Mandaron esto a la mierda.
-
Como cuando El Saladillo, ¿no?
-
Si serás marico sentimental. El regionalismo te llaman
a vos.
-
A verga, tomo cerveza regional.
-
Pendejo.
-
Pasame otra.
-
¿Regional?
-
Polar.
-
Y este clima del coño, chamo.
-
Parece que va a llover.
-
Coño, sí. Este calor del coño tiene que ser de lluvia.
-
Aunque ajá, lleva así rato y no ha llovido.
-
Sí, pero el calor.
-
¿Te imagináis que empiece a llover con la cola aquí, y
llegue la infección a esta vaina?
-
Juego trancado.
-
¿Qué?
-
El dominó, marico. Cuenten sus pintas.
Más adelante, varios perímetros de seguridad protegían la
autopista. Se sabía que pequeñas zonas cercanas a la misma habían sido
infectadas. El hospital del sur, por ejemplo, cuyo total perímetro estaba
cercado y protegido. Varios curiosos en las colas trataban de ver por encima de
estas barreras, pero nada era visible. La luz del día, quizá. Luz, que se
apagaba muy lentamente bajo el yugo de la densidad creciente de las nubes, y el
calor, y el vapor.
Antonio seguía apenas metros más adelante del punto original.

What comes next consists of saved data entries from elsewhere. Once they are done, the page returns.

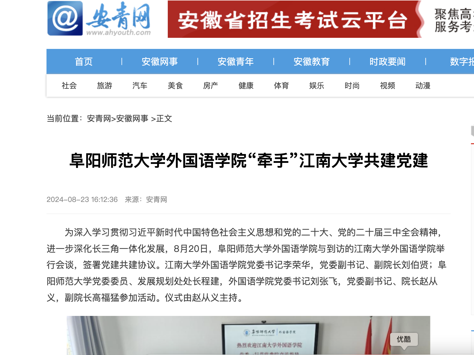 安青网报道:阜阳师范大学外国语学院“牵手”江南大学共建党建
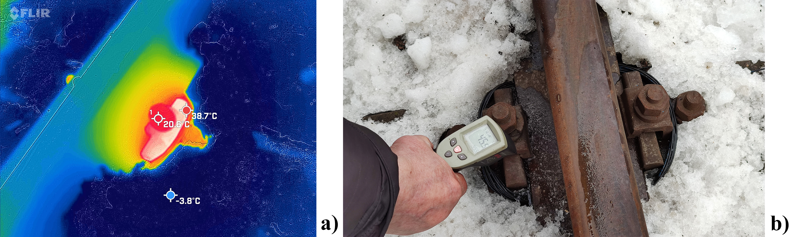 Fig. 8. The experiment of heating the sole of the rail 40 minutes after switching on: a) thermal imaging of the experiment of heating the sole of the rail; b) a snapshot of the rail sole heating experiment
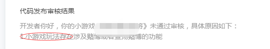个人提交了微信棋牌小游戏,审核不通过的原因是:
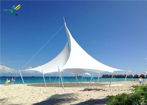 景觀膜結(jié)構(gòu)建筑的支撐一般為鋼結(jié)構(gòu),國內(nèi)對于鋼結(jié)構(gòu)的保護多采用涂防火涂料。國外類似建筑大多是不涂防火涂料的。還有一種更為穩(wěn)妥的辦法:***是在構(gòu)造上作處理,使膜面緊貼在鋼索下面,火災(zāi)中煙氣首先面對的是膜面,這樣鋼索下面又多了一個保護層,使鋼架不受任何高溫作用。
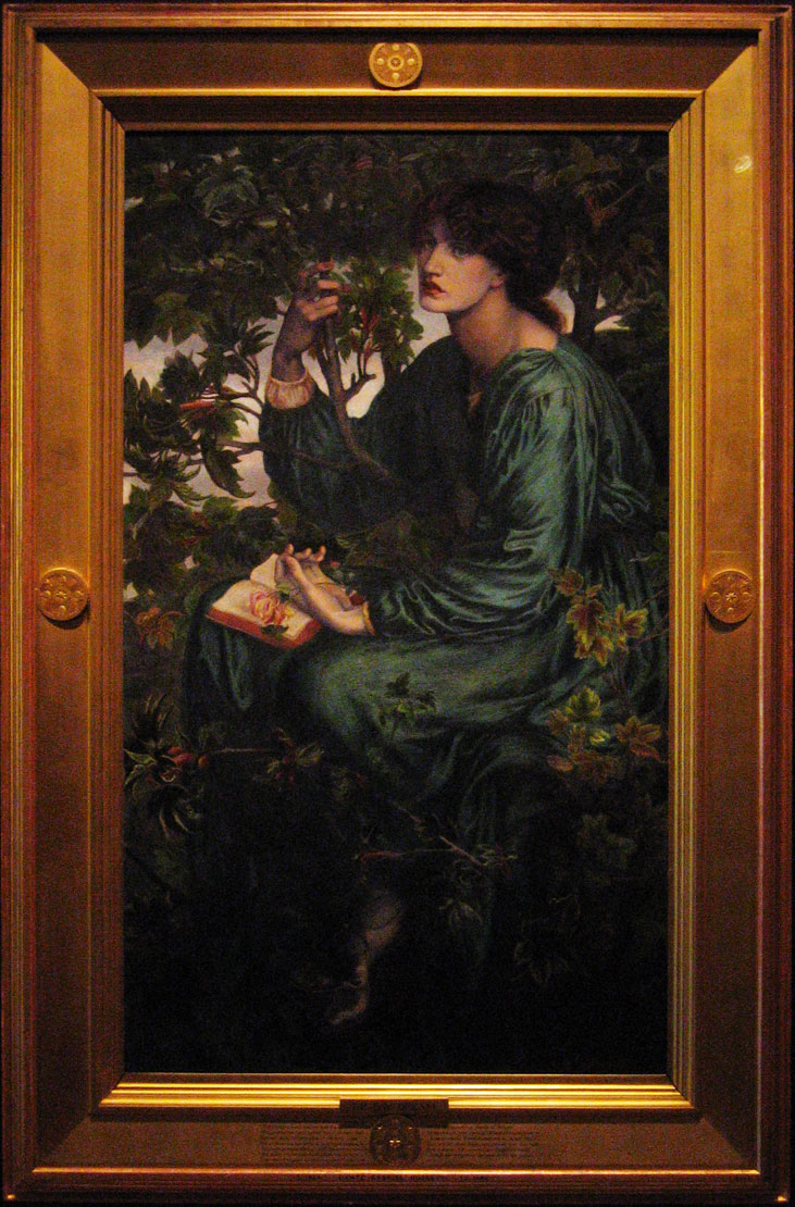 Artysta przedstawił postać pięknej, wyidealizowanej kobiety siedzącej pośród zieleni. Do obrazu pozowała wielokrotna modelka Rossettiego Jane Morriss, żona przyjaciela malarza Williama Morrisa. Parę łączył długi i burzliwy romans, który doprowadził do zerwania przyjaźni pomiędzy artystami. Jane Morriss ukazana została w powłóczystej, zielonej sukni, dzięki czemu jej postać wtapia się w otaczającą roślinność. Jej prawa ręka lekko obejmuje gałąź kwitnącego krzewu, na kolanach ma otwartą książkę, na której trzyma półotwartą dłoń z kwiatem kapryfolium. Kobieta jest zamyślona i melancholijna, robi wrażenie nieobecnej. Obraz ma zwartą i ciasną kompozycję, niemal wszystkie wolne miejsca wypełnione zostały bujną roślinnością. Uzupełnieniem płótna jest masywna rama, na której Rossetti umieścił tabliczkę z sonetem własnego autorstwa, opisującym sen na jawie bohatera tracącego poczucie rzeczywistości.

Yocasta miraba atrás y no veía más que uno o dos carros detrás de ella, pero no
era eso lo que le interesaba. Estaba más bien pendiente de la línea del
horizonte, línea vacía y sin movimiento alguno. Línea a la que le tiene pavor,
terror de que se empiece a llenar de movimiento, de gente, de no-gente que
alcance, por supuesto, la zona más débil del gusano. Pero eso no pasaría
¿Verdad, Antonio? Porque tú le dijiste que los bichos salían en las noches, y
eso le has dicho a tus hijos todo el tiempo. Lo malo pasa en las noches, en las
sombras.
Poco contaba Yocasta con la lluvia, con la subida que es la
uno, con la unión de eventos desafortunados. Qué alegre sería el dominó y la
música hasta entonces, que cayeron las primeras gotas, que las nubes ocultaron
al sol, que la humedad pobló el tráfico, y que en el horizonte aparece una Van
blanca apurada y desordenada. Gritos, salían de la Van, gritos ininteligibles
por la distancia.
Yocasta saca la cabeza por la ventana e intenta descifrar lo
que sucede. La Van se acerca más y los gritos se hacen audibles ¡Hay que irse!
¡Hay que irse! ¡Váyanse de la cola!
Detrás de la Van aparecería el juego trancado. Una fila
poblada de cuerpos tambaleados danzaban apurados hacia el tráfico. La Van llega
hasta el punto último de la Cola, de ahí se baja Hermócrates gritando la misma
consigna. Vienen hacia acá, vienen hacia la altura, se dirigen hacia el puente
del lago, por donde todos querían escapar. Si no está avanzando el tráfico, hay
que irse, porque esto se va a convertir en un desastre. No vayan a lugares
altos, cuidado con las zonas húmedas.
Yocasta no tuvo otra opción que reírse de su suerte. Maracaibo
es la ciudad del lago. Su escape más cercano es el puente, y esta cola, que muy
poco avanza. Hermócrates se vuelve a montar en la Van, da la vuelta en U y
regresa hacia los cuerpos, toma un cruce antes de llegar a ellos y baja hacia
el sector Primero de Mayo. Yocasta sonríe, mete la cabeza, sube el vidrio.
Antonio le pregunta que qué dijo aquél loco. Ella dijo algo sobre el señor,
Dios, y la bendición. Le dio un beso a sus hijos, y a su esposo. Antonio, se
rascó su bigote, y miró con los ojos emparamados a su esposa.
-
¿Quién ganó?
-
Yo tuve menos, tenía doble blanco
-
No sé, ajá, tú ganaste. Pero ajá, un dominó trancado
es un dominó trancado.
-
¿Cómo así?
-
Nadie gana, chamo. Ganaste, pero no.